Source material:
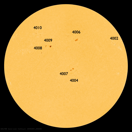 (c) 黒点データ:WDC-SILSO、作図:宇宙天気ニュース ![]() 3月の太陽黒点の推移。 (c) SDO衛星HMII (NASA)、(動画加工 : 宇宙天気ニュース) ![]() 1975年以降の太陽黒点相対数の長期変化。 (c) 黒点データ:WDC-SILSO、作図:宇宙天気ニュース ![]() SDO衛星のAIA193カメラによる太陽コロナの様子 (c) SDO (NASA) ![]() SDO衛星による太陽の可視光写真。マウスの矢印を写真に重ねると、黒点番号付きの写真に切り替わります。 (c) SDO (NASA) ![]() ACEが観測した太陽風の磁場(黒線は全体の強度、赤線は南北成分) 磁場の向き、プラズマの密度、速度、温度 (c) データ:NOAA/SWPC、作図:宇宙天気ニュース ![]() AE指数(速報値) 下段のAEグラフの値が高くなると、オーロラ活動が活発化しています。 (c) 京都大学WDC ![]() ![]() 27日の太陽周期に合わせた図 太陽が同じ面を地球に向けていた27日前の変化から、今後を予想することができます。 (c) 作図:宇宙天気ニュース
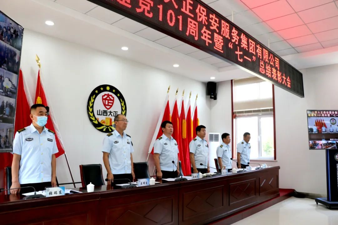 2022年6月30日上午,山西大正保安服務(wù)集團(tuán)有限公司召開慶祝建黨101周年暨“七一”總結(jié)表彰視頻會議,總結(jié)公司一年來黨建及其它各項(xiàng)工作,安排部署下一階段黨建及其它各項(xiàng)工作,表彰一批先進(jìn)基層黨組織、優(yōu)秀黨務(wù)工作者、優(yōu)秀共產(chǎn)黨員和黨風(fēng)廉潔先進(jìn)個人。動員公司各級黨組織和廣大黨員干部職工進(jìn)一步統(tǒng)一意志、開拓創(chuàng)新、拼搏奉獻(xiàn)、扎實(shí)工作,推動公司持續(xù)健康、快速發(fā)展,增強(qiáng)黨組織的創(chuàng)新力、凝聚力和戰(zhàn)斗力,推動公司各項(xiàng)事業(yè)取得新成績、再上新臺階。
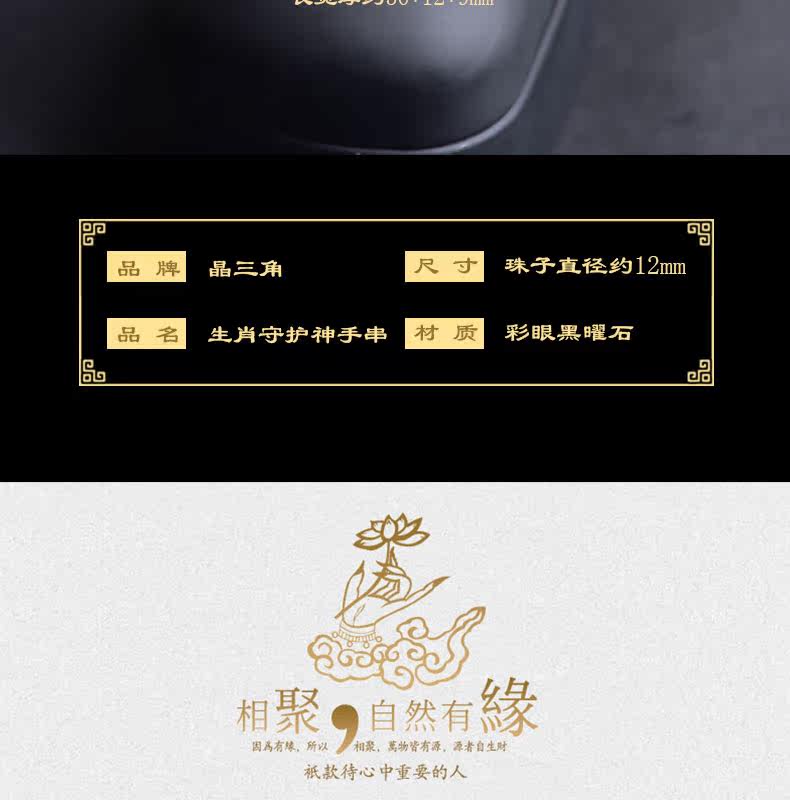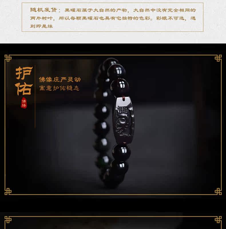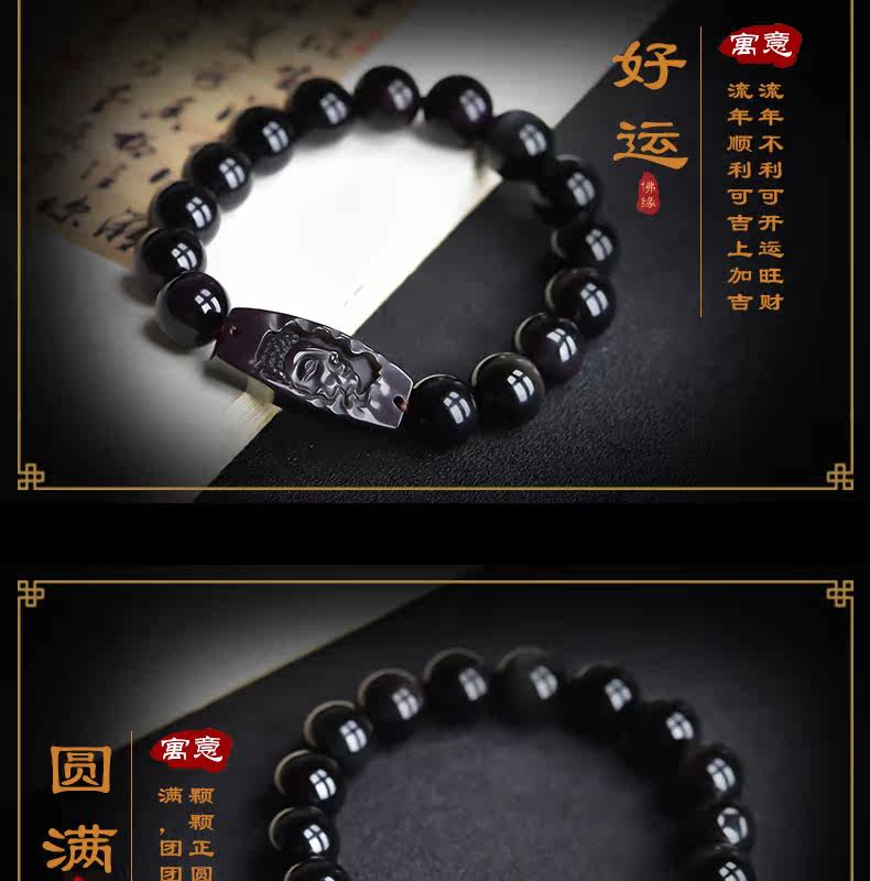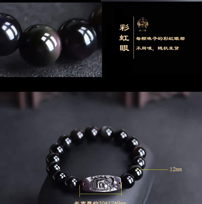 开光天然彩虹眼黑曜石阿弥陀佛菩萨手链生肖属狗猪本命佛男女手串
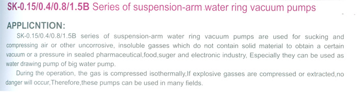 SK-0.15/0.4/0.8/1.5B懸臂水環(huán)式真空泵,是用來抽吸空氣和其它無腐蝕性、不溶于水,不含固體顆粒的氣體,以便在密閉容器中形成真空,但吸入氣體允許混有不良液體。它被廣泛應(yīng)用于機械、石油化工、制藥、食品、制糖工業(yè)及電子領(lǐng)域,還特別適合做大型水泵引水用。
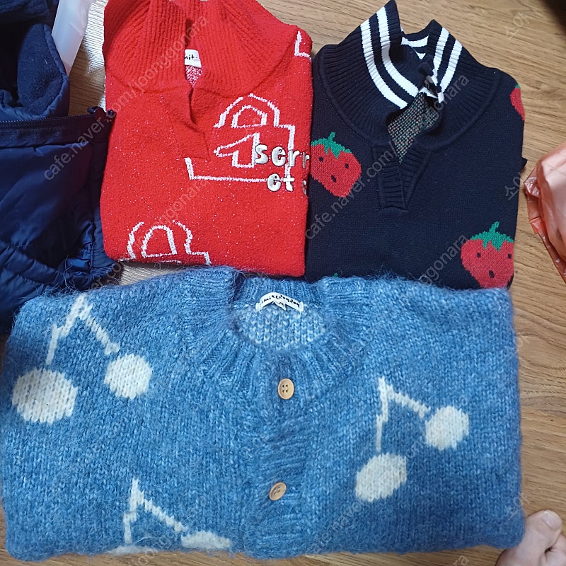 리미떼두두 반팔니트 긴팔가디건입니다 아이가 패턴때문에 안입는다고해서 팔아요 실착용 1회 개당 30000입니다
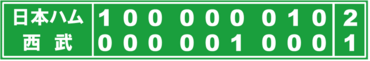 日本ハムは敵地で西武と対戦し、2―1で快勝。8カード連続の初戦勝利を飾った。貯金を「5」とし、新庄体制最多を更新した。
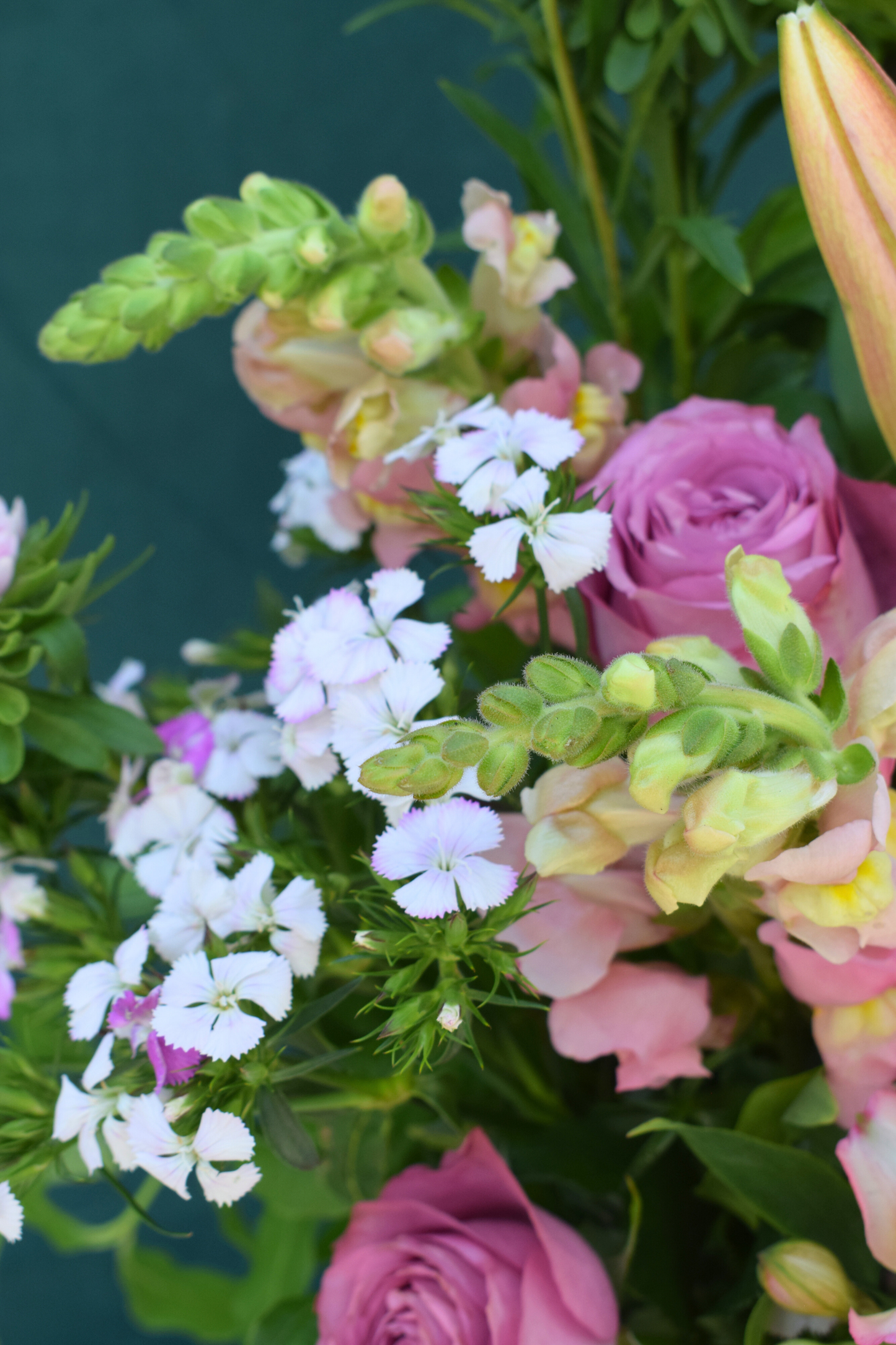 You can expect flowers such as pink roses, snapdragons, dianthus, ericas, gerberas, carnations, alstroemeria, or oriental lilies. The particular flowers chosen will vary based on seasonal availability.

What the task requires:
Return only the lines that start at the line containing "SK-0.15/0.4/0." and finish at the last line of the entries, exactly as written and without pictures.

Completed task:
 SK-0.15/0.4/0.8/1.5B懸臂水環(huán)式真空泵,是用來抽吸空氣和其它無腐蝕性、不溶于水,不含固體顆粒的氣體,以便在密閉容器中形成真空,但吸入氣體允許混有不良液體。它被廣泛應(yīng)用于機械、石油化工、制藥、食品、制糖工業(yè)及電子領(lǐng)域,還特別適合做大型水泵引水用。
 리미떼두두 반팔니트 긴팔가디건입니다 아이가 패턴때문에 안입는다고해서 팔아요 실착용 1회 개당 30000입니다
 日本ハムは敵地で西武と対戦し、2―1で快勝。8カード連続の初戦勝利を飾った。貯金を「5」とし、新庄体制最多を更新した。
 You can expect flowers such as pink roses, snapdragons, dianthus, ericas, gerberas, carnations, alstroemeria, or oriental lilies. The particular flowers chosen will vary based on seasonal availability.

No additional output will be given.